When plotting (3.7.4.3), graphs can be sent to various output file formats, like PNG and PDF, as seen in 3.2.4.4. See ?Devices for a full list.

5.2.2 Tables

For multilevel tables, the tables package is a good option. It’s been around long enough to be stable and is maintained by a member of the core R development team. The tables package outputs in many formats, including LaTeX code. Others like it can be found in the Reproducible Research Task View. And other output formats, like spreadsheets, can be found using google.

5.2.3 Documents

Tables and graphs can be embedded in documents programmatically with LaTeX, but dropping R outputs off and then reading them into LaTeX can get complicated.
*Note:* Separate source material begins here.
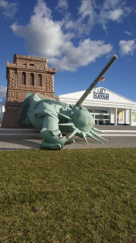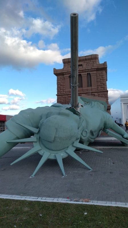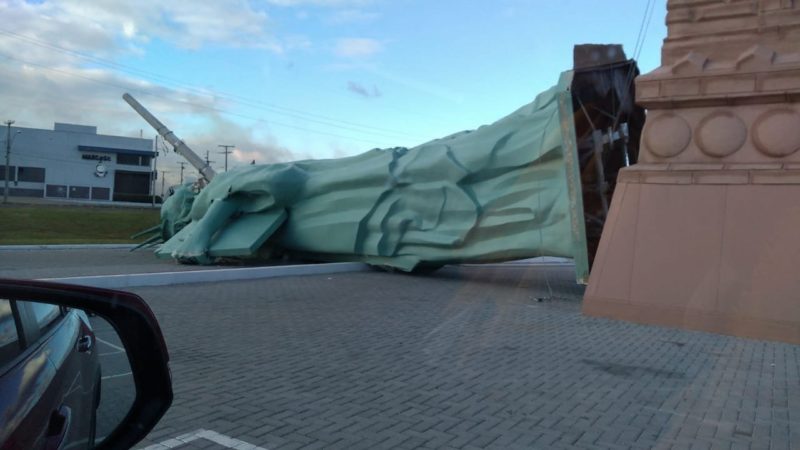 A Estátua da Liberdade da Havan de Capão da Canoa, no Litoral Norte do Rio Grande do Sul, caiu no pátio da loja, por volta das 6h30 desta segunda-feira (24). As causas ainda são investigadas, mas tudo indica que as fortes rajadas de vento tenham derrubado a estrutura, segundo o Pelotão de Bombeiros Militar. – Foto: Lucas Filho/ Jovem Pan/Reprodução - 2 de 7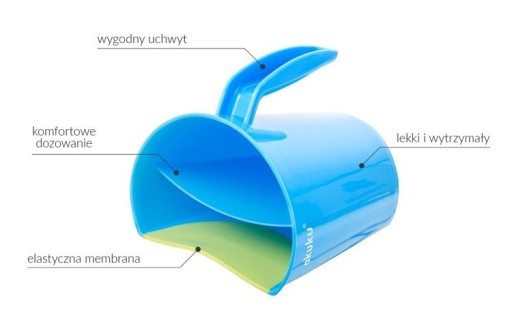 Specjalnie zaprojektowany kubek do spłukiwania włosów „akuku” uchroni Twoje dziecko przed niechcianymi kroplami wody spływającymi do oczu podczas mycia włosów.

These days, knitr and related packages (rmarkdown, bookdown) are the friendliest tools for making documents that compile jointly with R code. They output to PDF; or html; or a multi-file document like this tutorial. They also have nice integration with Rstudio (syntax highlighting, a dynamic table of contents in the sidebar, one-click compilation). Knitr is compatible with LaTeX or markdown. LaTeX offers more control and typesets properly for the printed page, but only outputs nicely to PDF and can be cumbersome to write and maintain relative to markdown. Anyway, just pick one.

For interactive documents, there are a variety of shiny whizz-bang tools: shiny (yes, really); DT; and various packages for visualizing maps and graphs (“networks”). Code written for these is likely to have a short shelf-life compared to documents and code written mostly in R and Markdown or LaTeX, I reckon, but they can be fun.